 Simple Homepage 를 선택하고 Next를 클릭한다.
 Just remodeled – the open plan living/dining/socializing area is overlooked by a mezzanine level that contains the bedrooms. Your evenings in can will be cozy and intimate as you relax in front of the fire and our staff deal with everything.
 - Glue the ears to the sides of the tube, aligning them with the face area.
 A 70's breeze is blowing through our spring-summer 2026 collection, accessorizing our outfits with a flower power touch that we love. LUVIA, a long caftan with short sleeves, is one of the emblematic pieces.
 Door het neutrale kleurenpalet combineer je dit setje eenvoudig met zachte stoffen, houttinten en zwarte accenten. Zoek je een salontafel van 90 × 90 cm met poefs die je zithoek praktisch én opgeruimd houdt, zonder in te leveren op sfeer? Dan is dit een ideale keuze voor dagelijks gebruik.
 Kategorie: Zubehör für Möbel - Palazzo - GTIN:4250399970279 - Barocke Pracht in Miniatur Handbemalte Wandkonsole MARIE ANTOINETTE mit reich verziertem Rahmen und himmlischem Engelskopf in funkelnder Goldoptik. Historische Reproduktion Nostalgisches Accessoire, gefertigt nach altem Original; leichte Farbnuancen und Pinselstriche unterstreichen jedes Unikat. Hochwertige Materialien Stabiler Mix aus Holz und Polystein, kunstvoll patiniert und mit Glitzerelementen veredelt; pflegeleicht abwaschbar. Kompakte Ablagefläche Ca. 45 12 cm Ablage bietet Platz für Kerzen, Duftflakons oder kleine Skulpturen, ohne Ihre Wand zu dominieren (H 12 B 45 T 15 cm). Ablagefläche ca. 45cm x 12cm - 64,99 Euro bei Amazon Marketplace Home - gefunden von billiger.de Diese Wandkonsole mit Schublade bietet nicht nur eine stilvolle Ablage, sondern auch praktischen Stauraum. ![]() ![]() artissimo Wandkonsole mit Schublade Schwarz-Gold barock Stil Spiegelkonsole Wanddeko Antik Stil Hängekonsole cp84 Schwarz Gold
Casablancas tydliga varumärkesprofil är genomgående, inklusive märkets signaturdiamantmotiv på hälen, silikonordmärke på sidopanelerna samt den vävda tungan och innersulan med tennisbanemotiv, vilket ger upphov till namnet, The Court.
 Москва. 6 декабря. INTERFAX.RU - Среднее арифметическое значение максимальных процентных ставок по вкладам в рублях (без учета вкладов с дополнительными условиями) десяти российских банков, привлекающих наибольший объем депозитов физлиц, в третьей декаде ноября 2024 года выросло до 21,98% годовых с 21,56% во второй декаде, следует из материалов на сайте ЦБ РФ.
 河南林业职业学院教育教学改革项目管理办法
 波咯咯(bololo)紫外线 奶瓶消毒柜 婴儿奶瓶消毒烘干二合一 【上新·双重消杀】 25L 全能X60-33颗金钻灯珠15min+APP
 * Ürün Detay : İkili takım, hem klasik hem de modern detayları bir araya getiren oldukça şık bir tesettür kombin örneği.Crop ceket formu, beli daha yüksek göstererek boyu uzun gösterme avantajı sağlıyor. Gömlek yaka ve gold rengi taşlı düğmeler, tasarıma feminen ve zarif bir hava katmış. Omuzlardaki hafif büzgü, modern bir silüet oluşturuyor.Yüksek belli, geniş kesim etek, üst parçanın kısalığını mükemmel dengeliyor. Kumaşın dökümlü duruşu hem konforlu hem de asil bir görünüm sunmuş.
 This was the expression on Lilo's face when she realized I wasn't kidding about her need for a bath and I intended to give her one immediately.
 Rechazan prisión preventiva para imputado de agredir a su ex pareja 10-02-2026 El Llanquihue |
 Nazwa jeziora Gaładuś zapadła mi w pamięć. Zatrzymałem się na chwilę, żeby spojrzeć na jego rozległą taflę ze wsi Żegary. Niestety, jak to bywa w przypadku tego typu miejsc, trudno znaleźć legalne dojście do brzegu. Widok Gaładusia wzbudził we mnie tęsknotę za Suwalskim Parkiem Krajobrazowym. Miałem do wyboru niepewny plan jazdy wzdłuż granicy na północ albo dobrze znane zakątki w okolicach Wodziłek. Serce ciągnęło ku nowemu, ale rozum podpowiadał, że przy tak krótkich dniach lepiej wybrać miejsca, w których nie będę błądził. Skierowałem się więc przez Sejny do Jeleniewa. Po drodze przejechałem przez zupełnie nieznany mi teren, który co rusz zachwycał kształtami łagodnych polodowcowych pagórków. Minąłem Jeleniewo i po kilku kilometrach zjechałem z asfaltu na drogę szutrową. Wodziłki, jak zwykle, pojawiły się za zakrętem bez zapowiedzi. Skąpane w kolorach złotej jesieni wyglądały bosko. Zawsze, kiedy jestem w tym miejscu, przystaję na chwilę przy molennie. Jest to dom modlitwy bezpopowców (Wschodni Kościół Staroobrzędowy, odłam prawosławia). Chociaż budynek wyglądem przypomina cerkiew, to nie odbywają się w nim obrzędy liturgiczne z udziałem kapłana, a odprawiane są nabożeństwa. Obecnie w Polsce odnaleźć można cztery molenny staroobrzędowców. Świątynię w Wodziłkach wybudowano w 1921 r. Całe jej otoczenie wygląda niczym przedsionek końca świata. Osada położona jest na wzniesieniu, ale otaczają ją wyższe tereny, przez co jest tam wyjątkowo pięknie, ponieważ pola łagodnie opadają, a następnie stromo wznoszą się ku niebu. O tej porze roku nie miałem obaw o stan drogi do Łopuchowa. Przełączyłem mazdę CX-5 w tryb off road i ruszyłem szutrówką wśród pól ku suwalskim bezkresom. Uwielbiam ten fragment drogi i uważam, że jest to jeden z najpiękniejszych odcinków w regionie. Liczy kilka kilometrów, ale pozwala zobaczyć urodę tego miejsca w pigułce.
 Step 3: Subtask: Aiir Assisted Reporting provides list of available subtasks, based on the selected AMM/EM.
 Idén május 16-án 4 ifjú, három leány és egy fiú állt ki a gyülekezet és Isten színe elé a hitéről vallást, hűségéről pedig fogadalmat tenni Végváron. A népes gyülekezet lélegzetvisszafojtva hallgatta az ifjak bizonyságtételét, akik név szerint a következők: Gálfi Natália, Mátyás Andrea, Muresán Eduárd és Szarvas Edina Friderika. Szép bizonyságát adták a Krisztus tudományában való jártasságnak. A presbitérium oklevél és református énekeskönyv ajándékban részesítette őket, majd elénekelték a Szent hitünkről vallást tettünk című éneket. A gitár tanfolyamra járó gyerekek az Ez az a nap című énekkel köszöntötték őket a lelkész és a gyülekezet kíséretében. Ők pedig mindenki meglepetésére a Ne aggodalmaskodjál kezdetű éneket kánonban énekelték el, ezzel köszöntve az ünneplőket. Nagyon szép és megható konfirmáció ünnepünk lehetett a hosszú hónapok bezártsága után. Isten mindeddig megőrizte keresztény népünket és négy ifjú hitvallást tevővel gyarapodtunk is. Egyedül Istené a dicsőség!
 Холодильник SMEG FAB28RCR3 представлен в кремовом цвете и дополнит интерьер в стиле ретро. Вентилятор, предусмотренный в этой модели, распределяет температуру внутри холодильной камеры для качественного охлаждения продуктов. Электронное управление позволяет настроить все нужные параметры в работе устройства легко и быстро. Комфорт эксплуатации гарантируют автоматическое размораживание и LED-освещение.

======

> Problem statement
Report every line of the records that contains the word "face".

> Response
 - Glue the ears to the sides of the tube, aligning them with the face area.
 This was the expression on Lilo's face when she realized I wasn't kidding about her need for a bath and I intended to give her one immediately.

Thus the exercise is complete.